Task> Please write out every entry below exactly, leaving out any pictures.

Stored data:
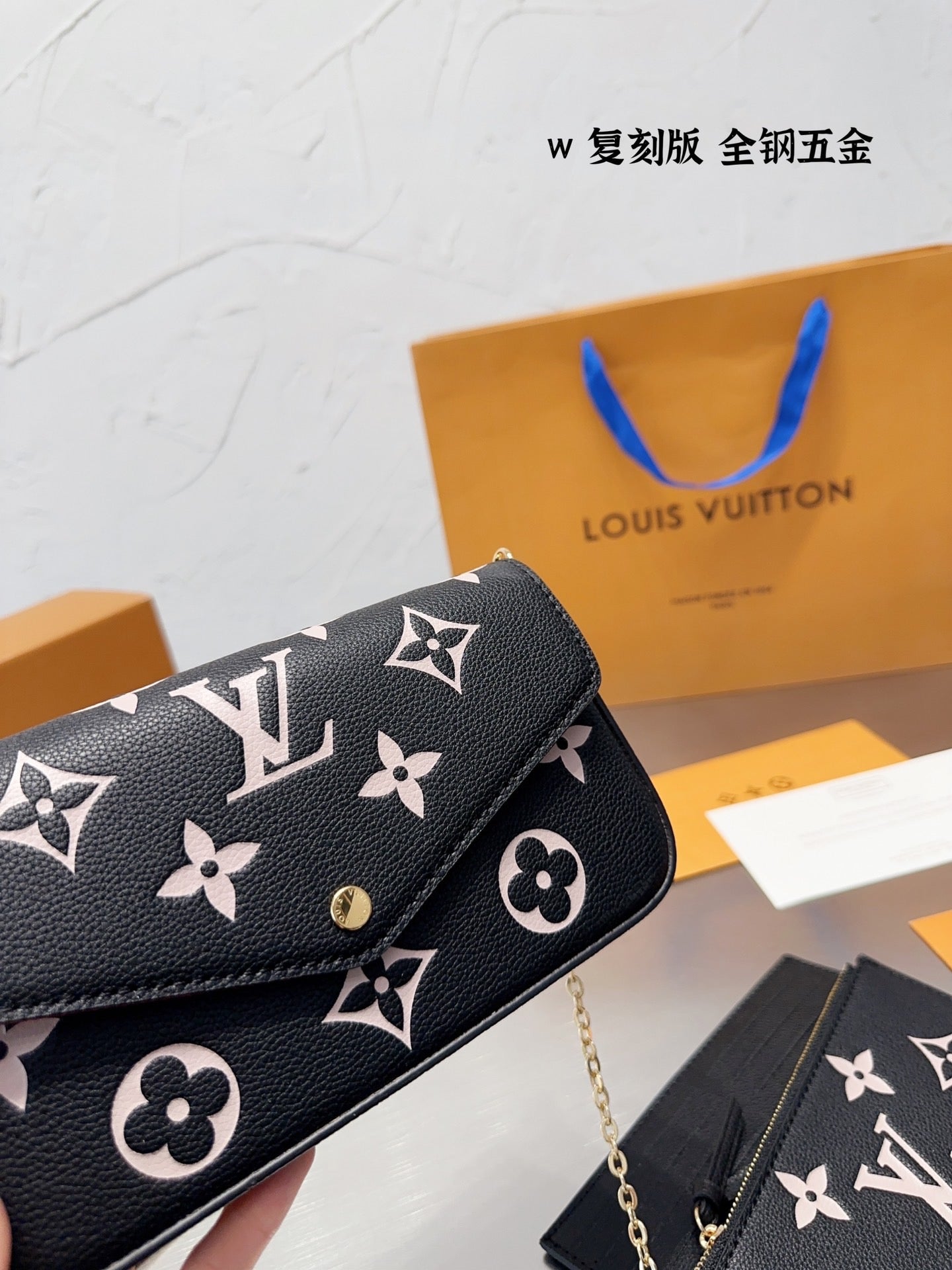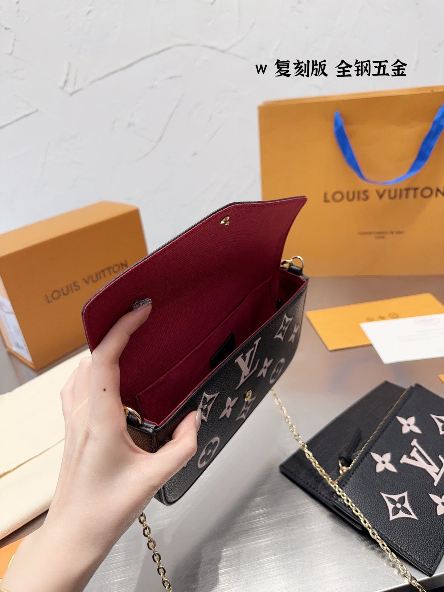 The Félicie Pochette is crafted from supple Monogram Empreinte leather, embossed with Louis Vuitton's iconic Monogram pattern. The bicolor palette brings added refinement to this elegant and versatile design, which features a removable, gold-tone chain, enabling it to be carried on the shoulder or as a clutch, as well as two removable pockets.
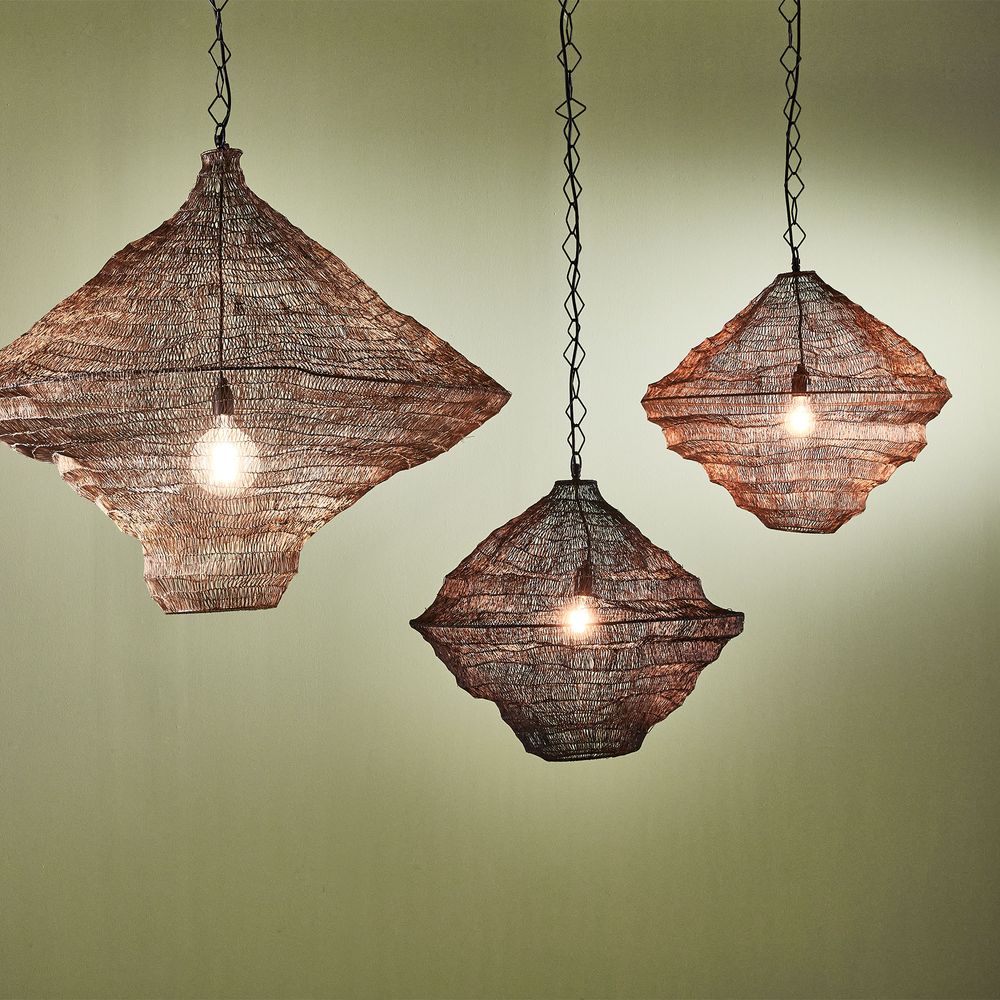 Our Metropolitan is a modern and stylish hanging lamp in medium-sized, diamond-shaped shade with a black/brass finish on the outside, giving it a sleek and sophisticated look. The shade is made of aluminum and is suspended by adjustable cord and chain that allows you to customize the height of the lamp. The lamp has a minimalist design that would complement a variety of interior styles, from contemporary to industrial. It is perfect for adding a touch of elegance and sophistication to any space, whether it's a living room, bedroom, or dining room. Overall, the Metropolitan Ceiling Pendant is a stylish and practical lighting solution that would add a touch of modern sophistication to any room.
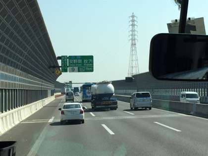 第2京阪。渋滞なく順調です。バスの中では事前に準備していた音楽がDJ付きで流れています。
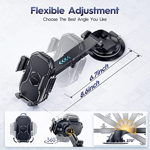 Eyemay Car Phone Holder Mount – [ Bumpy Roads Friendly ] Phone Mount for Car Dashboard Windshield Air Vent 3 in 1, Hand Free Mount for iPhone 14 13 12 Pro Max Samsung All Cell Phones
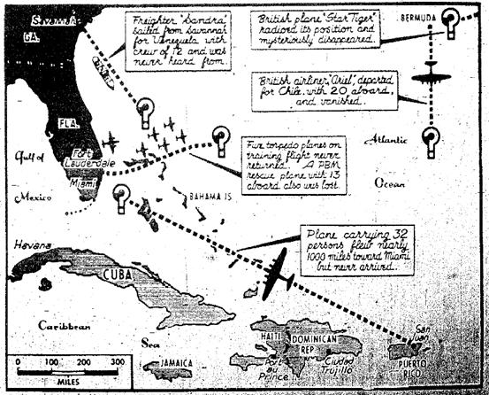 又如两次英国南美航空的客机失踪事件。1948年,“星虎号”(Star Tiger)客机在从亚速尔群岛飞往百慕大的途中失联;1949年,“星狮号”(Star Ariel)客机在从百慕大飞往牙买加途中失踪,媒体称其“离奇蒸发”。
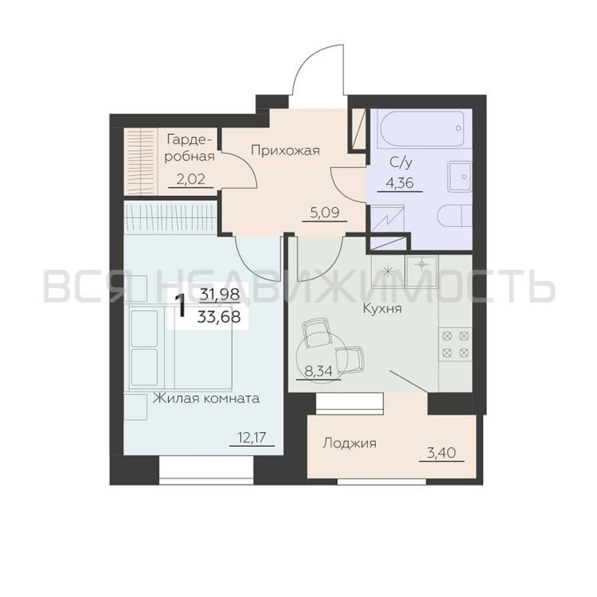 1-комнатная квартира, 33.68 м² 6/14 этаж ID объекта 100138154
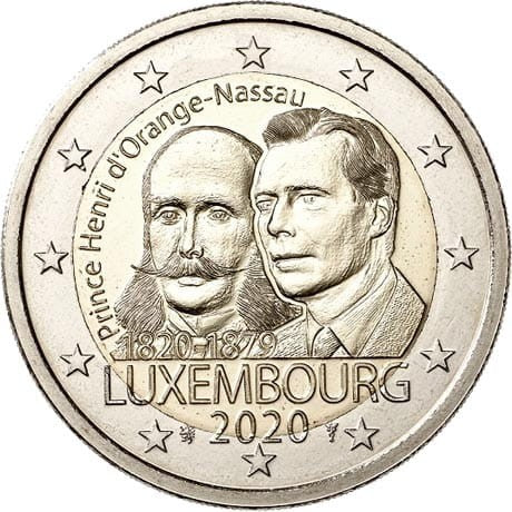 Opis: Po prawej stronie przedstawiono wizerunek obecnie panującego wielkiego księcia Henryka, a po lewej – księcia Henryka. Na dole znajdują się nazwa państwa emitującego „LUXEMBOURG” i oznaczenie roku „2020”. Po lewej stronie biegnie półkoliście napis „Prince Henri d’Orange-Nassau” (książę Henryk Orański-Nassau). Pod wizerunkiem księcia umieszczono daty „1820–1879”. W otoku monety widnieje 12 gwiazd z flagi Unii Europejskiej.
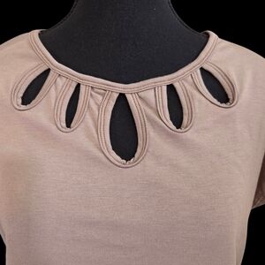 This elegant tan midi dress features a stylish cutout neckline, perfect for any occasion. Its soft fabric ensures comfort and style. Length 37" Bust 38"
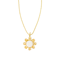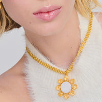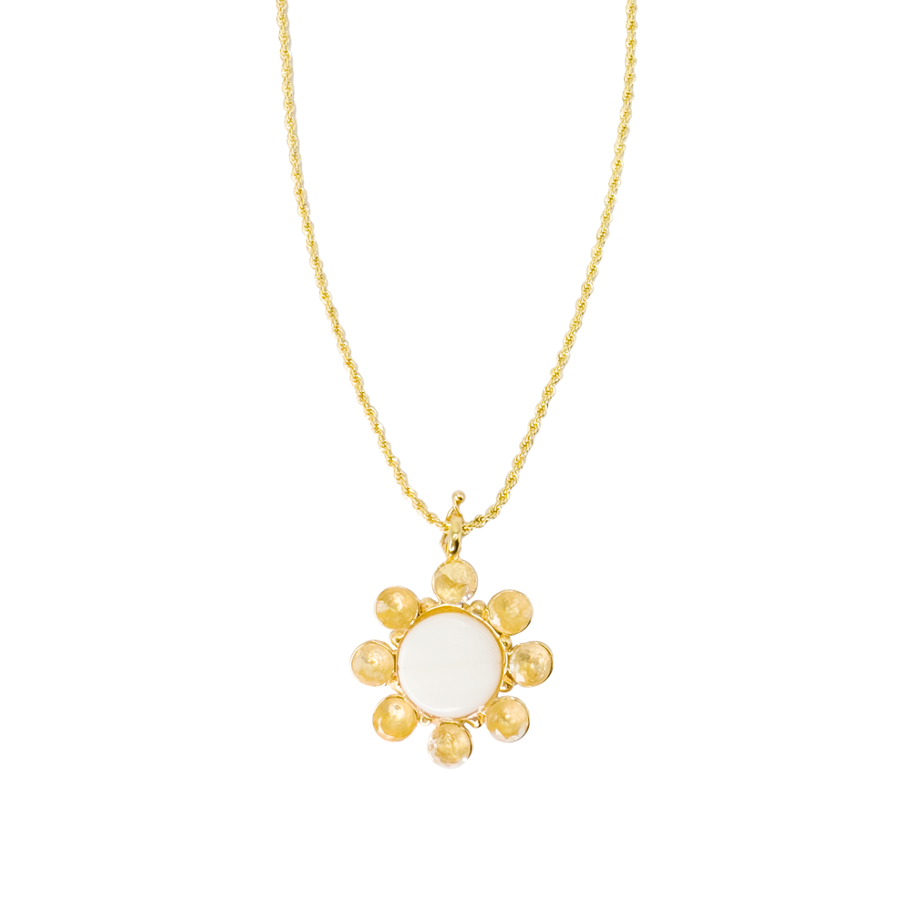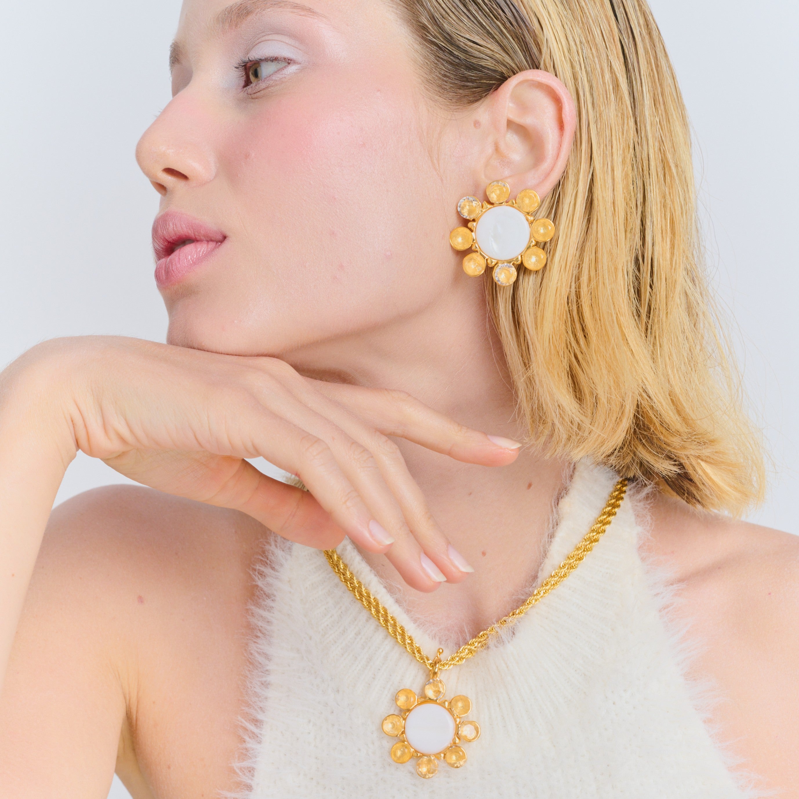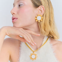 Colar Blomma Madre faz parte da coleção Fractal. Colar feito com técnica de ourivesaria, cravado com pérolas de madre naturais e cristais. Finalizado com banho de ouro 24k. Comprimento: 80cm. Pingente 5cm.

Exercise result>
 The Félicie Pochette is crafted from supple Monogram Empreinte leather, embossed with Louis Vuitton's iconic Monogram pattern. The bicolor palette brings added refinement to this elegant and versatile design, which features a removable, gold-tone chain, enabling it to be carried on the shoulder or as a clutch, as well as two removable pockets.
 Our Metropolitan is a modern and stylish hanging lamp in medium-sized, diamond-shaped shade with a black/brass finish on the outside, giving it a sleek and sophisticated look. The shade is made of aluminum and is suspended by adjustable cord and chain that allows you to customize the height of the lamp. The lamp has a minimalist design that would complement a variety of interior styles, from contemporary to industrial. It is perfect for adding a touch of elegance and sophistication to any space, whether it's a living room, bedroom, or dining room. Overall, the Metropolitan Ceiling Pendant is a stylish and practical lighting solution that would add a touch of modern sophistication to any room.
 第2京阪。渋滞なく順調です。バスの中では事前に準備していた音楽がDJ付きで流れています。
 Eyemay Car Phone Holder Mount – [ Bumpy Roads Friendly ] Phone Mount for Car Dashboard Windshield Air Vent 3 in 1, Hand Free Mount for iPhone 14 13 12 Pro Max Samsung All Cell Phones
 又如两次英国南美航空的客机失踪事件。1948年,“星虎号”(Star Tiger)客机在从亚速尔群岛飞往百慕大的途中失联;1949年,“星狮号”(Star Ariel)客机在从百慕大飞往牙买加途中失踪,媒体称其“离奇蒸发”。
 1-комнатная квартира, 33.68 м² 6/14 этаж ID объекта 100138154
 Opis: Po prawej stronie przedstawiono wizerunek obecnie panującego wielkiego księcia Henryka, a po lewej – księcia Henryka. Na dole znajdują się nazwa państwa emitującego „LUXEMBOURG” i oznaczenie roku „2020”. Po lewej stronie biegnie półkoliście napis „Prince Henri d’Orange-Nassau” (książę Henryk Orański-Nassau). Pod wizerunkiem księcia umieszczono daty „1820–1879”. W otoku monety widnieje 12 gwiazd z flagi Unii Europejskiej.
 This elegant tan midi dress features a stylish cutout neckline, perfect for any occasion. Its soft fabric ensures comfort and style. Length 37" Bust 38"
 Colar Blomma Madre faz parte da coleção Fractal. Colar feito com técnica de ourivesaria, cravado com pérolas de madre naturais e cristais. Finalizado com banho de ouro 24k. Comprimento: 80cm. Pingente 5cm.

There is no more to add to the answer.